In article <9725 at alice.UUCP> ark at alice.UUCP (Andrew Koenig) writes:
>In article <3554 at buengc.BU.EDU>, bph at buengc.BU.EDU (Blair P. Houghton) writes:
>
>> Fascinating; but, what does it mean to say "denormalized" in this context?
>
>the smallest positive number that can be
>represented in IEEE 64-bit form without going into denormalized mode
>is 2^-1022.  That number is represented this way:
>
>	0  00000000001  0000000000000000000000000000000000000000000000000000
>
>If you count the way I did in my last note, this means an exponent
>of -1021 and a fraction of .(1)0000000....
>
>The next smaller number is represented this way:
>
>	0  00000000000  1111111111111111111111111111111111111111111111111111
>
>This is the largest denormalized number: its value is 2^-1021 times
>.(0)11111...    That is, the hidden bit becomes 0 when all the exponent
>bits are 0.  Thus it is possible to represent numbers that are too
>small for the normal exponent range, albeit with reduced precision.

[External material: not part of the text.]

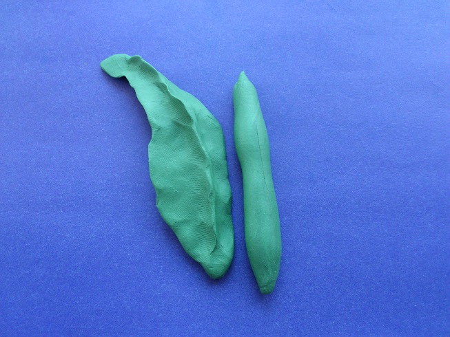 3. Массу, подготовленную для лепки листьев, начинайте вытягивать в колбаски, затем придавливать поверхность к твердой доске. Полученные лепешки должны быть шероховатыми, поверхность пластилина нет необходимости разглаживать. Сузьте пластилин с одной стороны. Затем, захватывая пластилин большим и указательным пальцами, сделайте продольный бугорок посередине.

Okay, so "normalization" refers to ensuring that the precision is
53 bits for any number with a nonzero exponent-field.

Next question:  do C compilers (math libraries, I expect I should mean)
on IEEE-FP-implementing machines generally limit doubles to normalized
numbers, or do they blithely allow precision to waft away in the name
of a slight increase in the number-range?

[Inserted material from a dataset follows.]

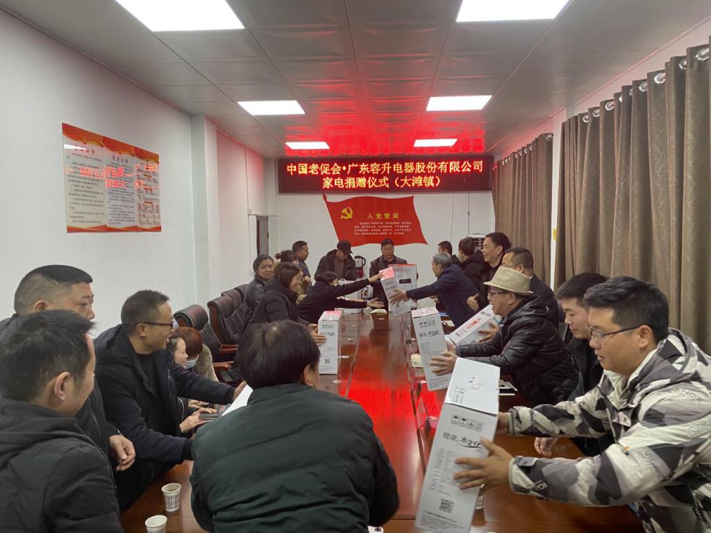 12月21日,中国老促会会员单位广东容升电器有限公司向革命老区捐赠电器启动仪式在朝天区大滩镇政府三楼会议室举行。朝天区老促会会长贾光升、老促会秘书长赵家贵、大滩镇党委书记蒲玉斌、老促会社会事业协作委主任王文祥、大滩镇党委副书记及老促分会会长赵澧、广东容升电器有限公司朝天片区组长易文波、第三方驻广元片区安装负责人陈兴文出席捐赠仪式。会议由朝天区老促会秘书长赵家贵主持,各村(社区)、敬老院负责人参加了捐赠仪式。

I expect the answer is "the compiler has nothing to do with it", so the
next question would be, are there machines that don't permit the loss
of precision without specific orders to do so?

				--Blair
				  "Or Fortran compilers, but I don't
				   need those, and this ain't the
				   group for it, this being
				   comp.lang.c.pointer.addition...."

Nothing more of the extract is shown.